June 3, 2013 – July 31, 2013

 

MATH 121 covers vectors; vector-valued functions; calculus of functions of several variables:  partial derivatives, gradient, divergence, curl, multiple integrals, line integrals, Stokes’s and Green’s theorems.

 

Instructress: Joan Rosebush, (Rosi)

Office: Votey Hall 103

Telephone: (802) 656-8858

Fax: (802) 419-3847

E-mail: jrosebus@uvm.edu

Web-Site Address:  www.cems.uvm.edu/~jrosebus

 

 

Office Hours

 

Tuesday 10:30 AM – 12:00 PM

Thursday 12:00 PM – 1:30 PM

 

If you need help, please ask!  If you wish to meet with me other than during my office hours, please e-mail me days and times that are convenient for you to meet.  I would be happy to make an appointment with you!

 

 

REQUIRED COURSE MATERIALS

 

Text and Online Homework Access Card

You will need the paperback or eBook version of the required text, and an access card for Enhanced

WebAssign online homework.
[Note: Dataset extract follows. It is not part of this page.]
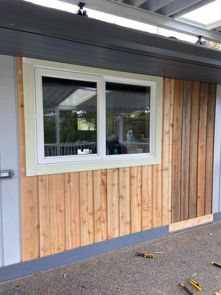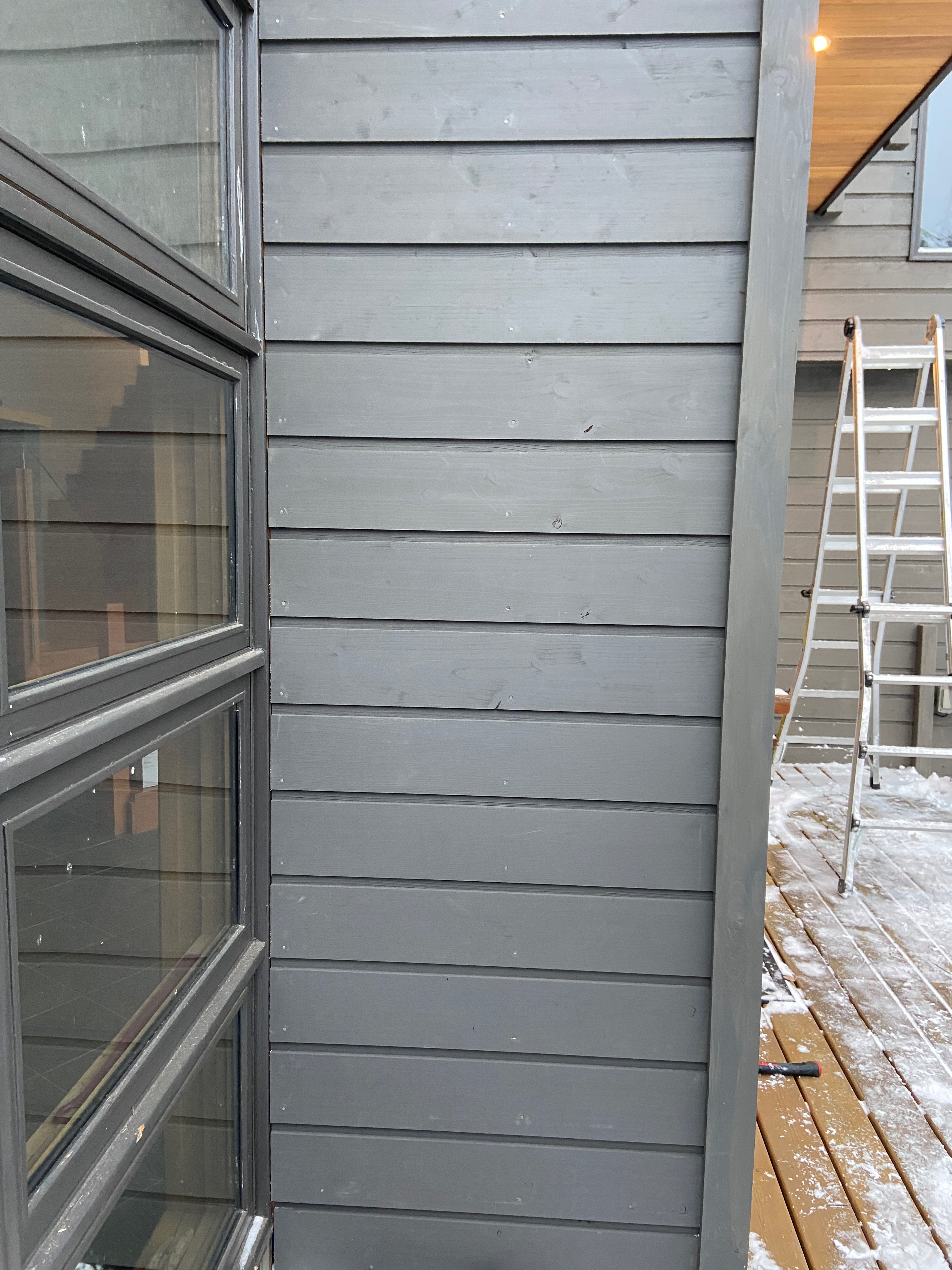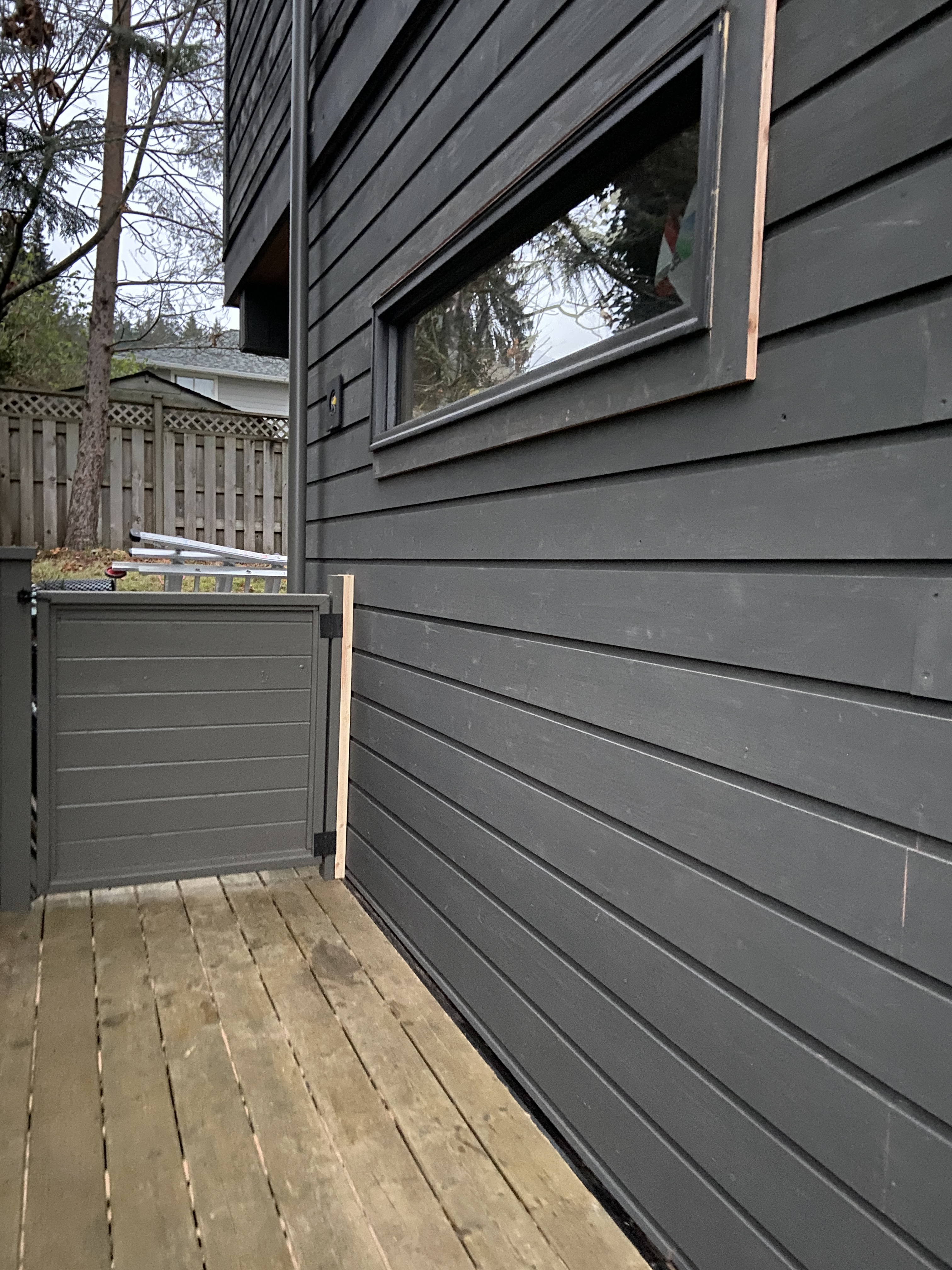 Cedar channel horizontal 7” reveal siding. Cedar 3.5” trims and corners. Pre-painted indoor prior to installation. Black mounting blocks. Custom flashings between bottom planks and deck surface. Old vertical rotten siding demolition, strappings removal, sheathing inspection, Tyvek home wrap installation.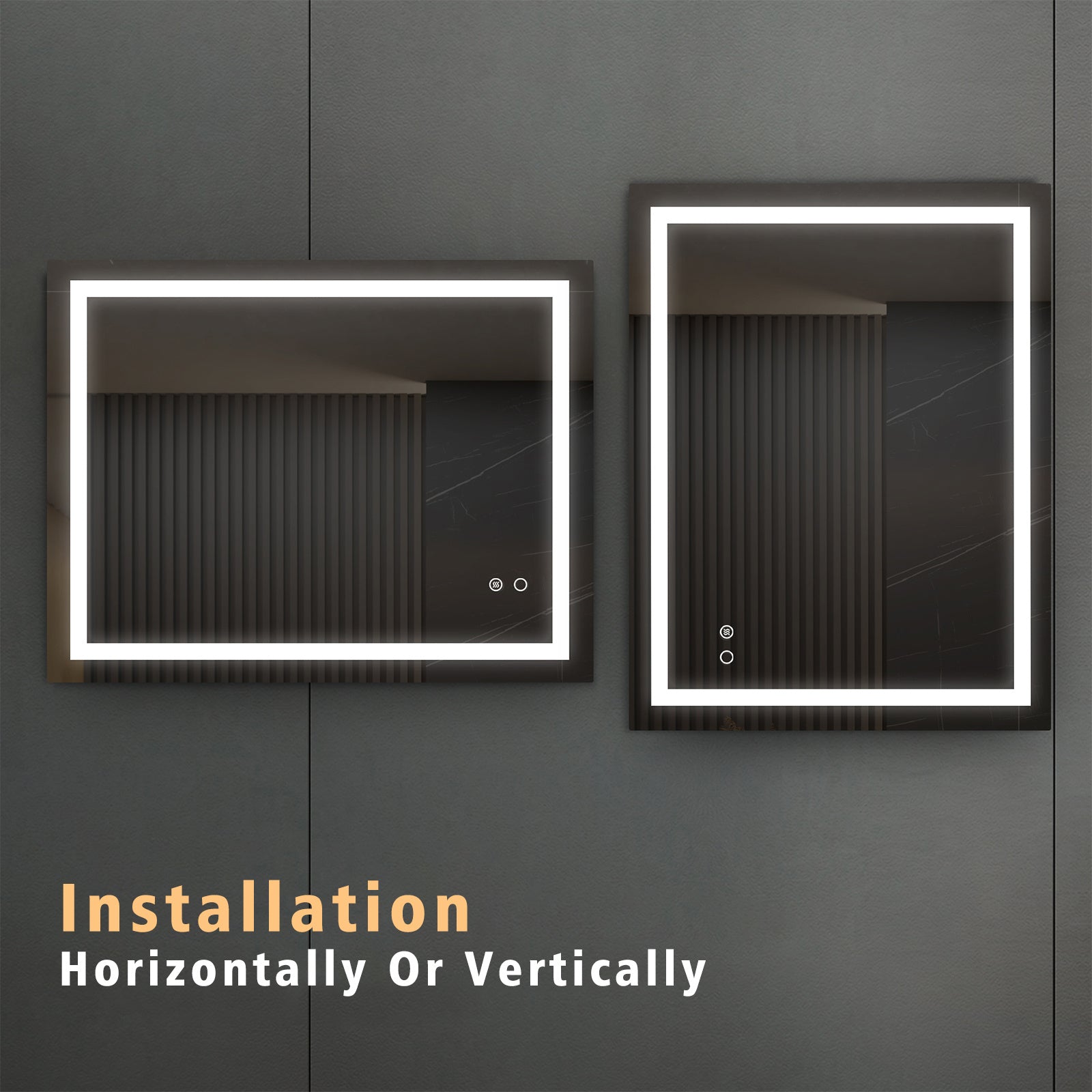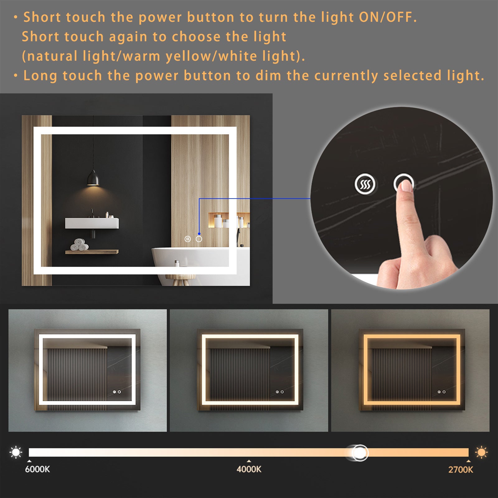 LED Mirror with Touch Buttons control; Anti-Fog LED bathroom Vanity Mirror

If you took Math 21 and/or Math 22 at UVM any time between Fall 2011

and Summer 2012, this is the same text that you used, and your WebAssign access code should still be

active. If you do not already have the text and WebAssign access, choose one of the following options.

 

Option 1

Enhanced WebAssign with eBook Access Card for Multi Term Math and Science. ISBN 0-538-73807-3

This includes a homework access card and online access to the eBook.

 

Option 2

Calculus: Early Transcendentals, Hybrid Edition (with Enhanced WebAssign with eBook Access Card for

Multi Term Math and Science), 7th Edition, Stewart. ISBN 1-111-42668-6

This includes a homework access card and online access to the eBook, plus a paperback textbook.

 

Note About Used Books

If you purchase a used copy of the paperback textbook, you will need to separately purchase an access

code for Enhanced WebAssign with eBook (ISBN 0-538-73807-3) or Enhanced WebAssign without eBook

(ISBN 0-538-73811-1). This can be easily purchased online from within WebAssign after class begins.

 

Software

The Mathematica software used in the course is provided by UVM; you do not need to purchase it. You

may install Mathematica on your own computer free of charge under UVM’s site license. Mathematica

is also available for use in various computer labs and classrooms on campus.

 

 

Final grade for the class is based upon:

Quiz Average: 50%,

Mid-Term Grade:  30%, and

Final Examination: 20%.

 

FINAL EXAMINATION:  Wednesday, July 31st:  1:30 PM – 4:30 PM

 

Make-up quizzes are not given.  It is in your best interest to take every quiz, the mid-term, and the final examination.  If you miss any of these, you earn a 0% for it.

 

No make-up evaluations are given. 

 

 

Homework!

 

You are expected to actively participate in this course.  Perfect attendance may help your final average in the class. Less than perfect attendance will not help your final grade. Comprenez-vous?

Do you require special accommodations? Please let me know by noon on Friday, June 7, 2013.  I would be happy to accommodate you!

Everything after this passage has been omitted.